Bacon and Bay Leaf Roasted Quail

, from Issue #19. September, 2015
Photography by Aaron McLean.
Bacon and Bay Leaf Roasted Quail

Serves: 4

INGREDIENTS

6 quail, spatchcocked and semi- boned (ask your butcher to do this for you)

Stuffing
3 small waxy potatoes, scrubbed
2 cloves garlic, crushed
1 tablespoon chopped thyme
2 teaspoons olive oil
sea salt and freshly grated pepper

To cook
12 slices streaky bacon
6 small bay leaves

kitchen string


Endive and Radicchio Salad with Walnut Oil Dressing
1 radicchio lettuce
2 heads of endive
baby cos leaves
​1 bulb of fennel, thinly sliced

Dressing
3 tablespoons walnut oil
1 tablespoon olive oil
1 clove garlic, crushed
1-2 tablespoons lemon juice or Chardonnay vinegar
sea salt and freshly ground pepper

METHOD

Stuffing: Cook the potatoes in boiling salted water until just cooked.

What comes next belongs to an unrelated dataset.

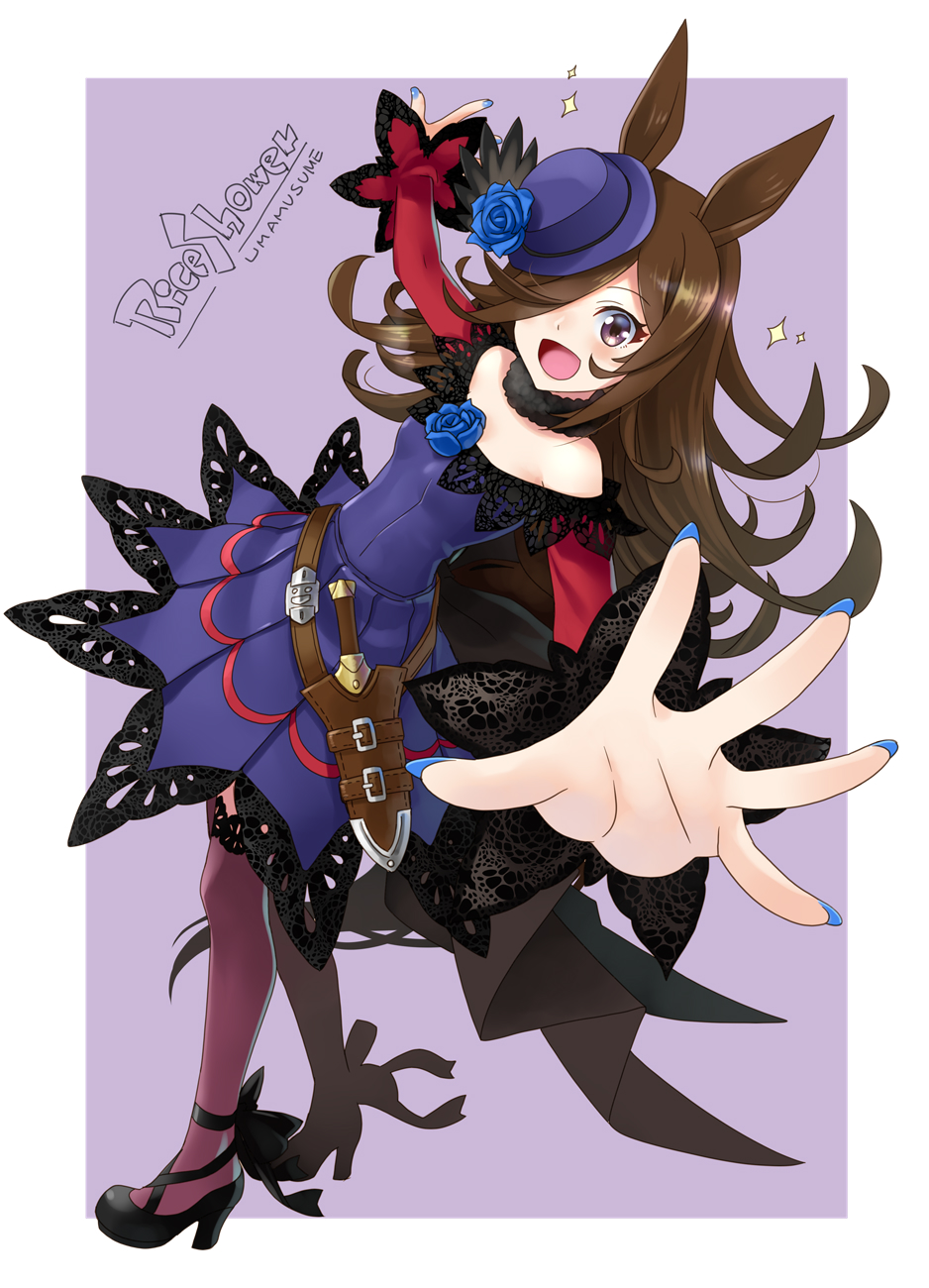 1girl animal_ears back_bow belt black_belt black_bow black_footwear black_thighhighs blue_flower blue_hat blue_rose bow character_name commentary copyright_name dagger dress flower foreshortening from_side fur_collar hair_over_one_eye hat hat_flower high_heels highres horse_ears horse_girl horse_tail katahira_masashi knife long_bangs long_hair long_sleeves looking_at_viewer nail_polish off-shoulder_dress off_shoulder open_mouth outstretched_arm purple_dress purple_eyes purple_nails reaching reaching_towards_viewer rice_shower_(umamusume) rose sheath sheathed short_dress smile solo sparkle standing tail thighhighs tilted_headwear umamusume weapon

Drain and peel when cool.

Combine the garlic, thyme and oil and rub onto both sides of the quail. Season and lay skin side down on the bench. Place half a potato on the breast meat, rounded side down, and fold in the sides to reshape the quail. The join can be secured with a toothpick. Turn breast side up.

Lay 2 strips of bacon on the bench and place a quail on top. Wrap so the breast and legs are totally covered, with only the tips of the legs sticking out. Place a bay leaf over the breast and tie with string to secure.

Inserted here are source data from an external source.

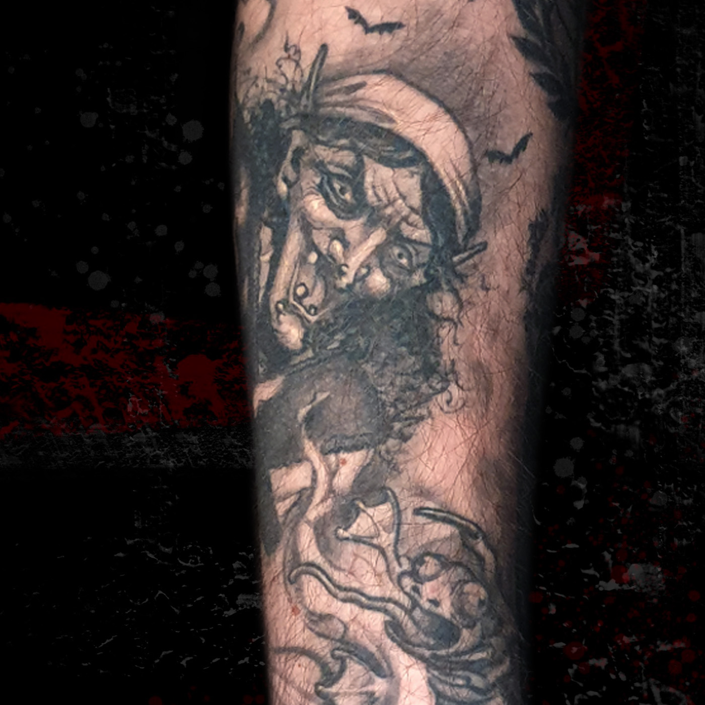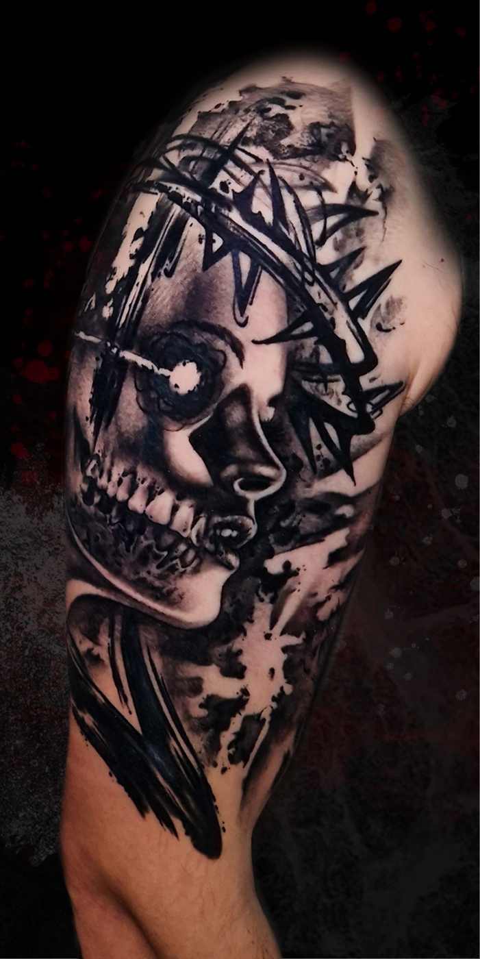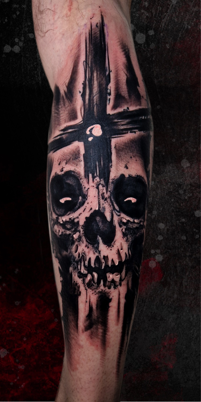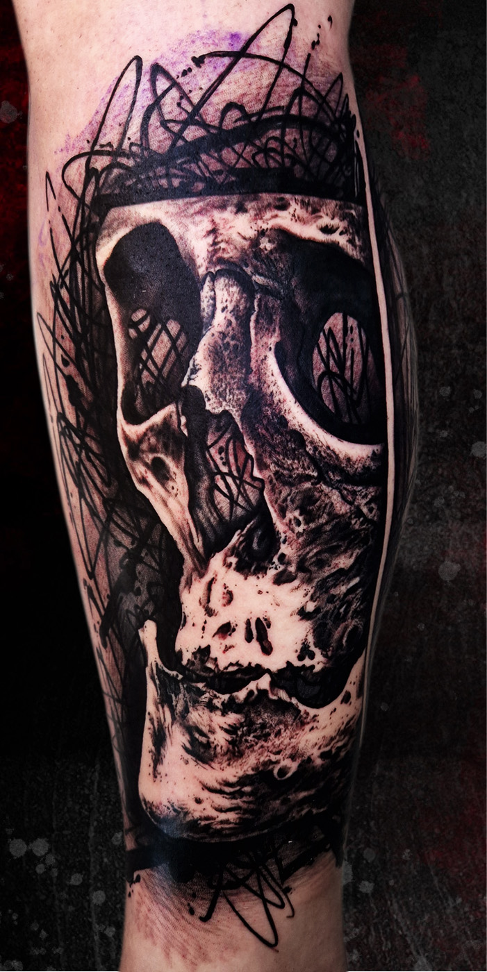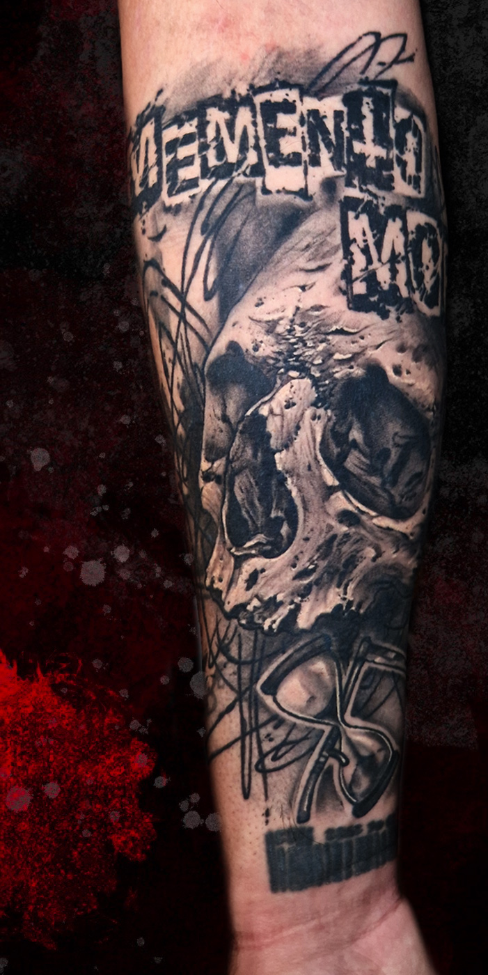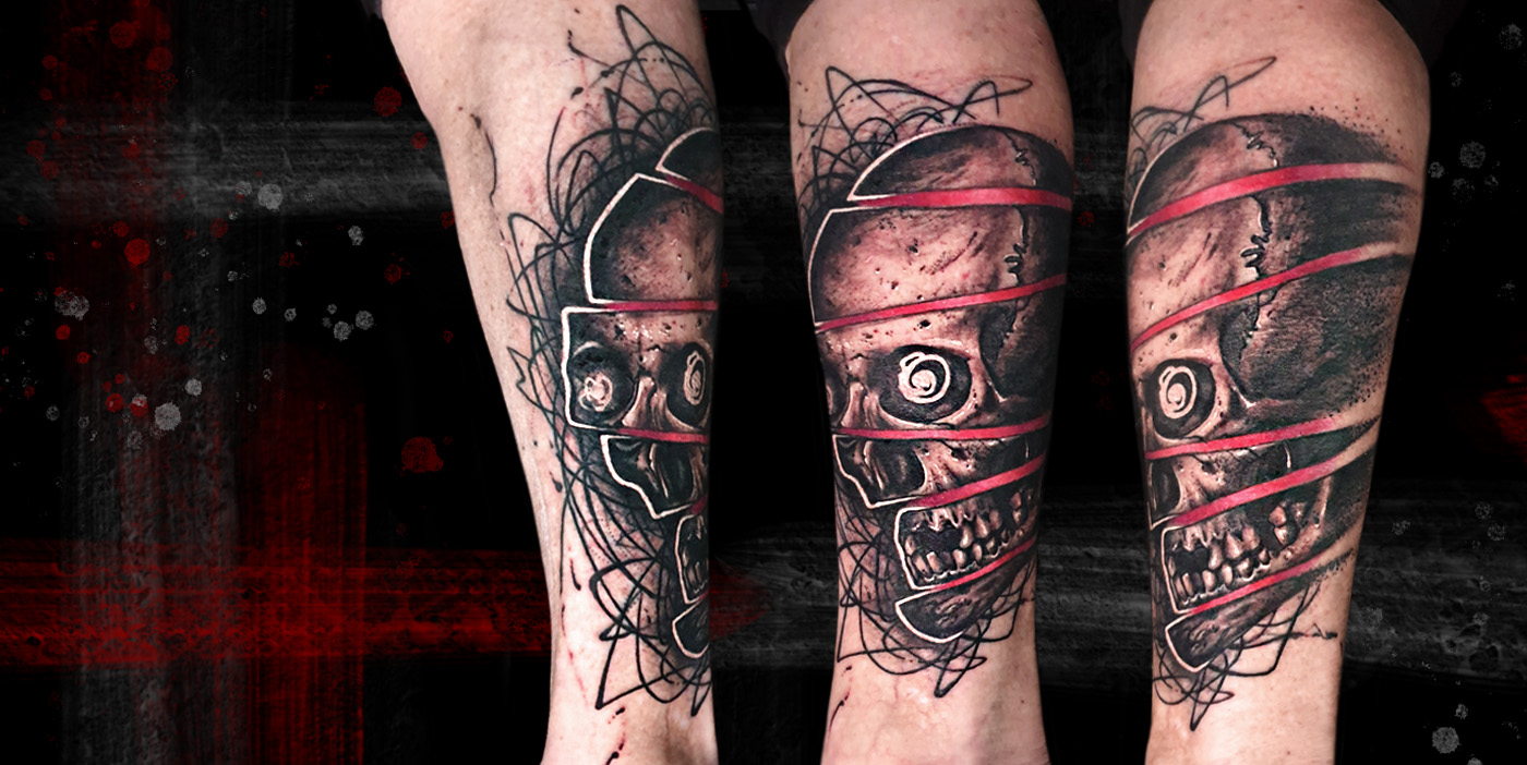 Black and grey skull with some red and lines background. This costumer chose one of my "wanna do" designs. Done in one of my trips at...
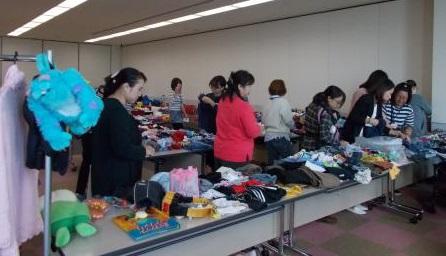 南エリア会では、子育て中のお母さん同士が交流できる場を作ることを目的に、今年も恒例の「おしゃべり交流&不用品交換会」を行いました。子どもの成長と共に、いらなくなった育児用品を持ち寄って交換し、おしゃべりをして楽しいひと時を過ごしました。
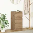 Stranska omara ponuja veliko prostora za shranjevanje, saj pomaga ohranjati red in organiziranost v sobi, hkrati pa združuje praktičnost in estetiko. Stabilen in trpežen material: Inženirski les je trpežen in stabilen material z gladko površino, ki je odporen na vlago, krivljenje in cepljenje, zato je zanesljiva izbira za različne projekte.Veliko prostora za shranjevanje: V bifeju je dovolj prostora za shranjevanje jedilnih potrebščin in drugih gospodinjskih predmetov, da so ti urejeni in dosegljivi.Robustna mizna plošča: Na omarico za shranjevanje lahko postavite okrasne predmete, albume s fotografijami ali manjše rastline.Široka uporaba: To stransko omarico lahko uporabite kot kopalniško ali kuhinjsko omarico ali kot elegantno omarico za shranjevanje v spalnicah, toaletnih prostorih, predsobah, hodnikih in pisarnah, jedilnicah in drugih bivalnih prostorih.Enostavno vzdrževanje: Zaradi gladke površine je omarico enostavno očistiti z vlažno krpo, saj ne potrebuje veliko vzdrževanja. Opozorilo:Za preprečitev prevračanja je treba ta izdelek uporabiti s priloženo napravo za pritrditev na steno.Barva: Artisan hrastMaterial: Inženirski lesCelotne dimenzije: 37,5 x 35 x 76 cm (Š x G x V)Dimenzije predalov: 37 x 28,5 x 20 cm (Š x G x V)Število predalov: 3Največja skupna nosilnost: 60 kgNajvečja nosilnost predala: 5 kgPotrebno sestavljanje: Da 861732

Place on a lightly greased or Teflon sheet-lined baking tray and roast for 25 minutes. Rest, loosely covered, for 10 minutes.

To serve: Remove the string and cut each quail in half through the breast. Arrange 3 quail halves on each plate and drizzle over any pan juices. Roasted vine tomatoes are a nice accompaniment. 

If you prefer not to use boned quail, just place the potato in the cavity of each quail along with a sprig of thyme, a slice of garlic and season.

Menu: Serve Rhubarb and Almond Cake to finish.


Salad: Whisk all the dressing ingredients together and season with sea salt and freshly ground pepper.

Tear the radicchio into large pieces and place in a bowl. Separate the endive leaves and add to the radicchio with the cos and fennel.

Use your hands to toss the salad with enough dressing to just coat the leaves. Place in a serving bowl and scatter with a little sea salt and freshly ground pepper.